C. Miglietta, The Mercy of God
Biblical path for the Holy Year of Mercy, with an introduction by H. E. Msgr. Guido Fiandino, Gribaudi, Milan
Why write a book about God’s mercy?
Because God’s mercy is the heart of the Christian Faith. “The mystery of the Christian faith seems to find its synthesis in this word,” Pope Francis has in fact written.
When God reveals himself to Moses, he manifests himself as “The Lord, the merciful and gracious God” (Ex. 34:6-7; cf. 3:14; 33:19). The Hebrew word that best designates mercy is rehamin, which expresses the bowels, which for the Semites are the seat of the emotions, our “heart”: it is a plural form of réhèm, the maternal breast, the female womb. God loves us like a tender Mother, viscerally, like the most passionate of lovers: we are his joy (Is 62:5)!
It is urgent that we move from the conception of an inflexible Judge God to that of a Merciful and Tender Father. We must get out of that “‘blasphemy’ which is the theology of satisfaction,” as Enzo Bianchi puts it, according to which man’s primordial sin, being offense to infinite God, could only be atoned for by an infinite sacrifice: hence the Son’s death on the cross, in which God is finally appeased by an infinite victim. The terrible and bloody judge God who is presented in this theological vision is not the “Father” God (Mt 6:9), indeed, “Papalino, ‘Papi’ (Rom 8:15), revealed to us by Jesus, the God who ‘feels more joy…over one converted sinner, than over ninety-nine righteous ones’ (Lk 15:7), the ‘Love God’ (1 Jn 4:8).
God creates man only out of love, to have, as the Bible says, a Bride, a Bride. But man, being “other” than God, who is infinite and eternal, is creaturely, finite and mortal. Therefore, at the very moment God makes man, he thinks of the Incarnation of the Son, by which he himself will become finite, to take upon himself the creaturely limit and transfigure it into the divine infinite (Jn. 1). The cross is not the perfidious instrument of a vengeful God, but the supreme revelation of the love of a God who takes upon himself all suffering, all sickness, all death, to divinize all creation. The blood of the Son is not payment of a debt, but God’s liberating action toward mankind.
Is Mercy really for all or only for those who convert?

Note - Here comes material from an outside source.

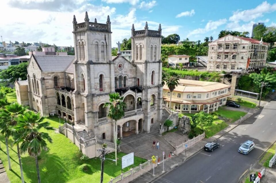 The Sacred Heart Cathedral or simply Cathedral of Suva, is the main ecclesiastical building of the Roman Catholic Church in the island nation of Fiji, and is located on Pratt Street in the City of Suva, Fiji’s capital. The Sacred Heart Cathedral is the headquarters of the Catholic Archdiocese of Suva. The construction of the Cathedral began in 1894 and was not completed until 1994, 150 years after the first Marist missionaries arrived in Fiji. The grand European design includes sandstone blocks imported from Australia, concrete staircases and balustrades, and two towers. The central stained glass window above the altar contains an image of a bilo cup beneath the Sacred Heart of Jesus.

For Jews, the sadiq, the “righteous,” is one who has harmonious relations with God and with his brothers and sisters, who experiences cordial relations with all. Sedaqah, “righteousness,” is living deep relationships. When we say that “God is just,” we do not mean in the Western sense that God rewards the good and chastises the bad, but that God enters into deep relationships with everyone. So when we say that “God justifies us,” we do not mean that he makes us “righteous,” but that he enters into loving communion with us. And to say that “Christ is our righteousness” is not to see in him the supreme Judge, but the one who puts us in relationship with the Father.
God’s mercy is so overwhelming that it is not reserved for the good, but is for all people, regardless of their virtues and merits. We are faced with a judicial enormity: the acquittal of the offender (Rom. 5:6-8). Jesus says, “I came not to call the righteous, but sinners” (Mt 9:13); and even, “I came not to condemn the world, but to save the world” (Jn 12:47; 6:39).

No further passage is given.